I feel very unstable right now, vulnerable.
I'm nervous, but continue with my cognitive exercise which calm me physically, not intellectually which I find to be the problem. I am pretty shifty right now, feeling unsure about my feelings but what I am sure about is that I want to skip school tomorrow...
The dilemma being that once I miss a day or two of school, the emotions tend to build, then double, then triple as I avoid the situation.
It leaves me distressed and unwilling. I am much too aware of my situation but my emotions get the best of myself.
Last two weeks have been a complete wreck with my studies so that's why I feel like giving up for a few more days...

Sometimes I spend up to five hours on the subway reading a book as to avoid getting to school.
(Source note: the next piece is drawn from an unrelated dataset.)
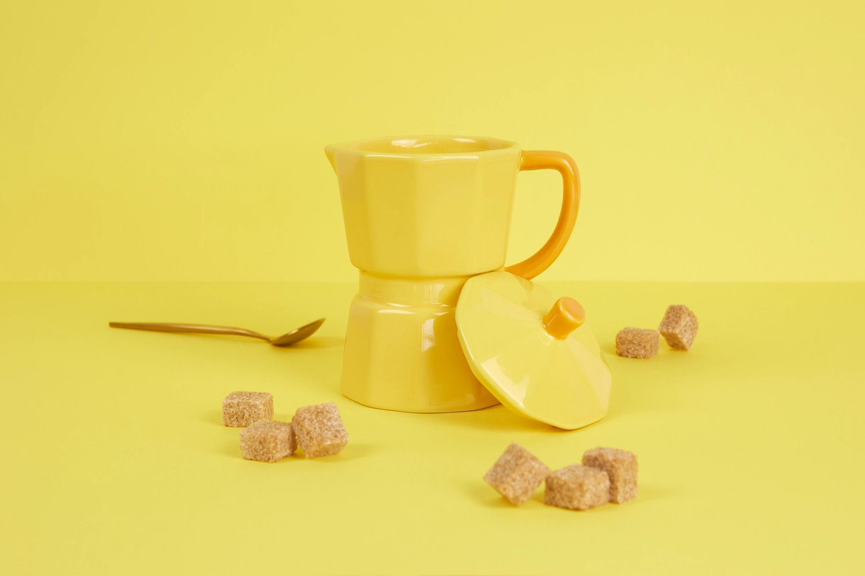 • Cafeteira amarela com tampa e cubos de açúcar castanho num fundo amarelo

I reeaally want to skip tomorrow but I know that no good will come of it. Conflicting emotions. The voice of reason versus my anxiety...

Sound like any of your situations ?
I'm much too shy to talk to guidance counselors or even walk into the office (oh dear...). I'm not sure what to do and Monday approaches by the minute !! H-Help ? Suggestions ?


----------



## FLOWERchild (Nov 6, 2010)

i have had this problem forever it seems 
the pending question should i go, or should i just lay in bed all day
well i say go. because if you dont go its going to make going on tuesday harder. 
the more days you skip the harder it is to go back. 
you should really let a guidance counsiler know about your anxiety. 
i recently did and they are really understanding .
they will talk to your teachers not to point you out in class, call upon you 
or force you to do speechs and projects infront of the class. 
i know its hard to be strong but just try .


----------



## Cerberios (Nov 8, 2010)

I guess that is what it comes down to then.
Hunting down the councilor, wherever the hell her office is, and talking...
Maybe it'll take a damn while but yeah, you are totally right.
I think fairly clearly but I guess my shyness and laziness just gets the best of me. (Maybe I'll go at lunch 'r something)

Thanks FLOWER ; u ; 
It counts for emotional support as well as helpful kick in the butt [grateful]


----------



## FLOWERchild (Nov 6, 2010)

your welcomee  
there are so many days that you and me will probably just want to stay at home forever
but we just have to get out there and do what we have to do
we may not be happy but we can sure as hell try to be . 
it just takes time


----------



## Cerberios (Nov 8, 2010)

;; u ;; Yes sensei.
I've gotten away with lying about going to school so many times,
Gotten away from trouble too. I'm actually pretty lucky but I feel that luck running out.
_I-I have to change my ways !!_
It's the light at the end of the tunnel I guess ~


----------



## Cheesecake (Feb 2, 2007)

Yeah, I think it's best you go to school every, despite your feelings. You'll probably regret not going later in life.


----------



## seafolly (Jun 17, 2010)

I was only a year older than you when my anxiety issues really took a hold of me. It all started with avoidance behaviour in school. I still battle this as a university student and although I feel like a total hypocrite in saying so, it's best you go to school. Avoiding classes or tests only lead to further headaches and anxiety later on. Though it feels like it's against every instinct right now, it IS best to face what you need to.


----------